=== Section Start ===

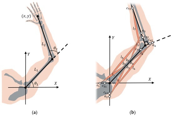 Schematic diagram of the human musculoskeletal arm model: (a) a planar kinematic model of the human arm; (b) a planar dynamic model of the human musculoskeletal arm.
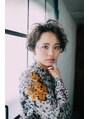 ショートボブにカールを散らしたスタイルです。ウエット系のジェルスタイリング剤で細く毛束を作り立体感のでるようにしています。襟足はすっきりと丸いシルエットより四角いシルエットにしてカジュアルよりにしています。
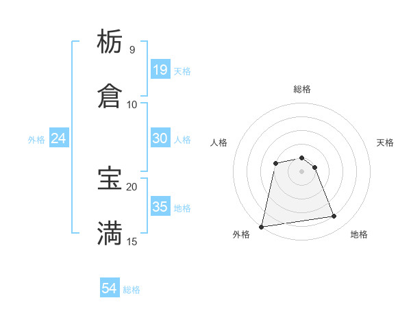 栃倉 宝満さんの総格は54画の1点!
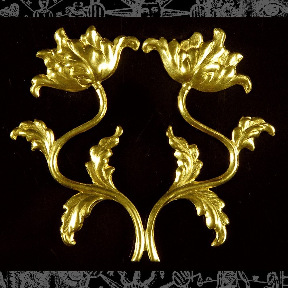 Raw Brass Art Deco Mirror Image Floral Wrap - B-W07
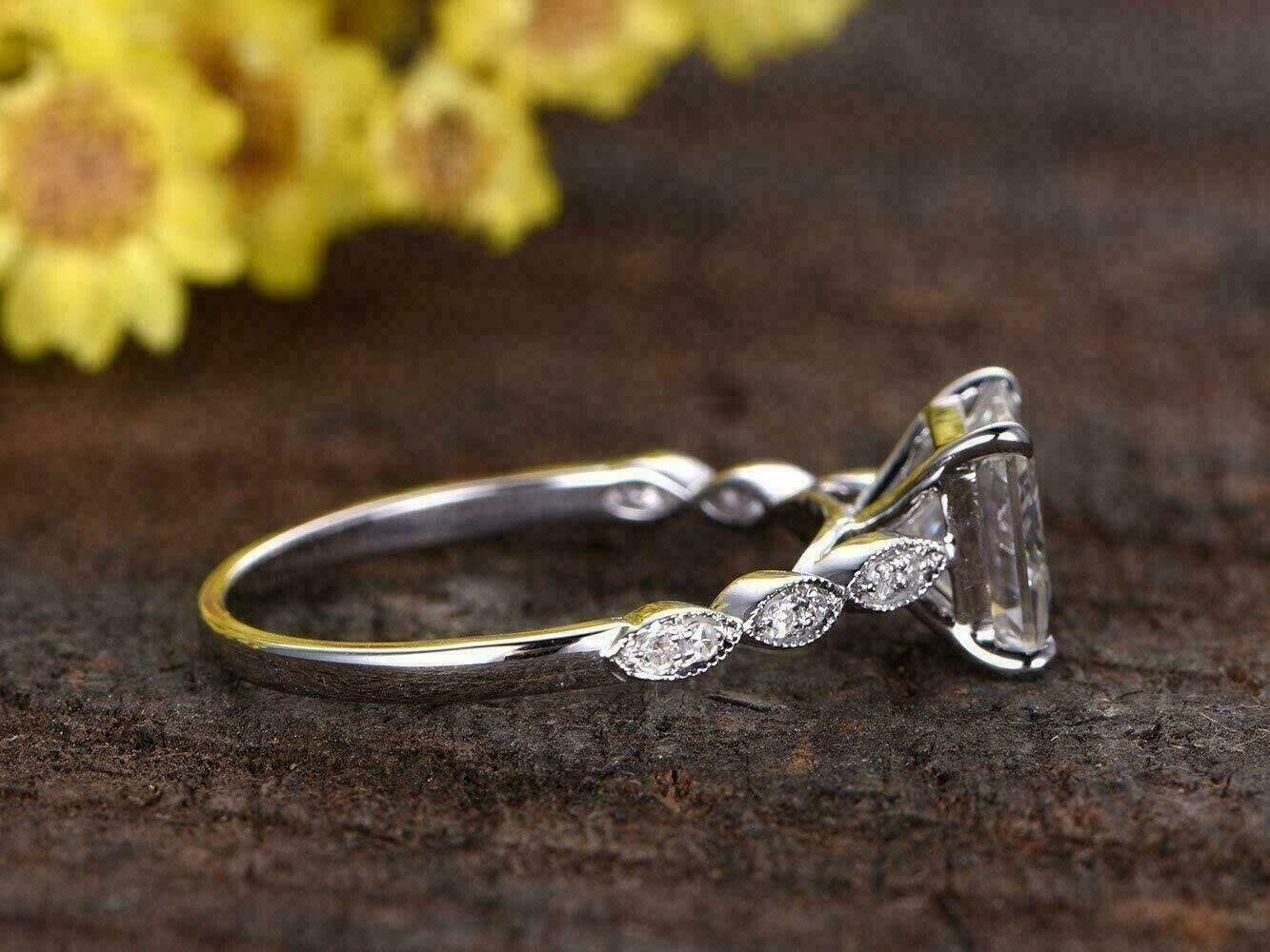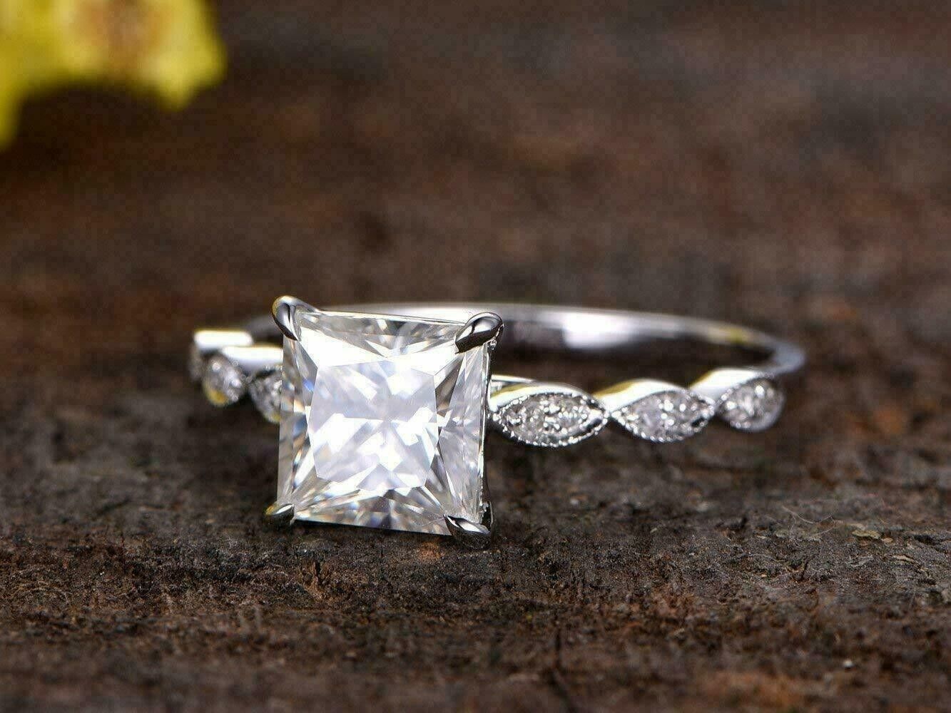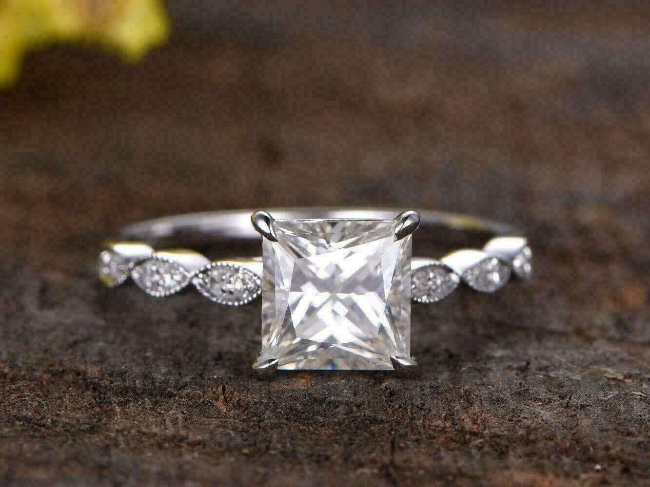 2Ct Princess Cut Simulated Diamond Art Deco Engagement Ring 14K White Gold Over
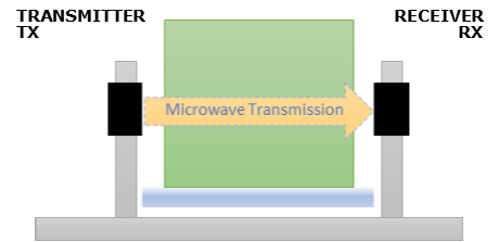 The transmitter sends a signal of a known power through the material. Then, the microwaves encounter water molecules. The oscillation of the water molecules makes the signal lose power, and the weakened signal can thereafter be calculated into a moisture measurement result in percent of the material's volume and weight.
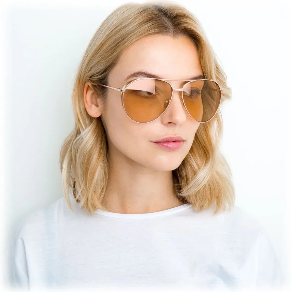Handcrafted purely from 18 – 22 carat rose gold-plated lightweight titanium, these aviator sunglasses from Linda Farrow imbue elegance and luxury. With solid peach lenses, these timeless sunglasses are instantly recognisable by their statement rose gold blinkers.
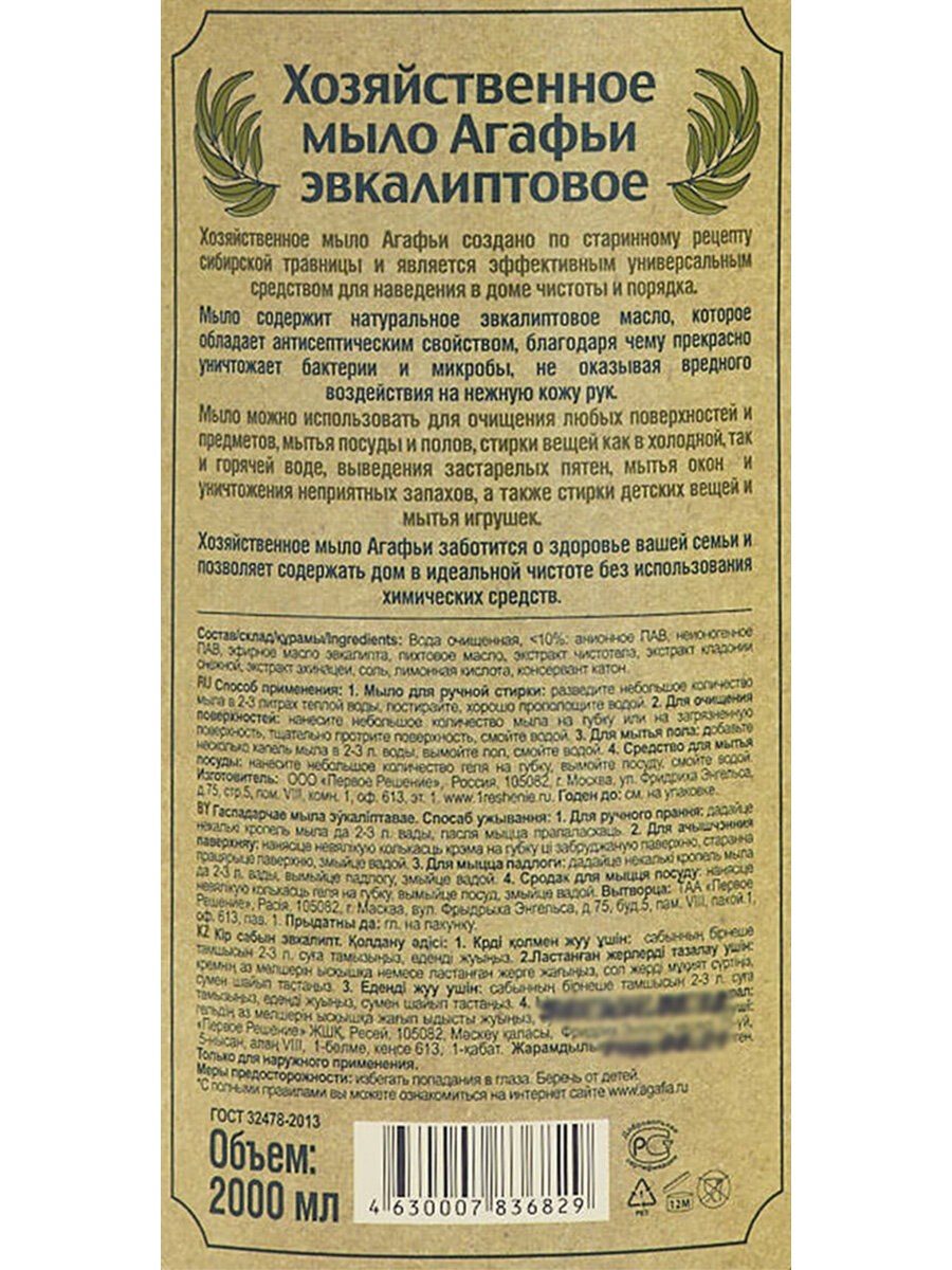 "РБА" мыло хозяйственное Агафьи эвкалиптовое 2 л.
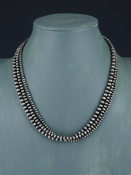 8mm Graduated Native American Sterling Silver Beaded Necklace, Multiple Lengths

=== Section End ===

◆ WHAT IS NEEDED
Every entry above needs to be duplicated precisely, and none of the pictures should appear.

◆ COMPLETED TASK
 Schematic diagram of the human musculoskeletal arm model: (a) a planar kinematic model of the human arm; (b) a planar dynamic model of the human musculoskeletal arm.
 ショートボブにカールを散らしたスタイルです。ウエット系のジェルスタイリング剤で細く毛束を作り立体感のでるようにしています。襟足はすっきりと丸いシルエットより四角いシルエットにしてカジュアルよりにしています。
 栃倉 宝満さんの総格は54画の1点!
 Raw Brass Art Deco Mirror Image Floral Wrap - B-W07
 2Ct Princess Cut Simulated Diamond Art Deco Engagement Ring 14K White Gold Over
 The transmitter sends a signal of a known power through the material. Then, the microwaves encounter water molecules. The oscillation of the water molecules makes the signal lose power, and the weakened signal can thereafter be calculated into a moisture measurement result in percent of the material's volume and weight.
Handcrafted purely from 18 – 22 carat rose gold-plated lightweight titanium, these aviator sunglasses from Linda Farrow imbue elegance and luxury. With solid peach lenses, these timeless sunglasses are instantly recognisable by their statement rose gold blinkers.
 "РБА" мыло хозяйственное Агафьи эвкалиптовое 2 л.
 8mm Graduated Native American Sterling Silver Beaded Necklace, Multiple Lengths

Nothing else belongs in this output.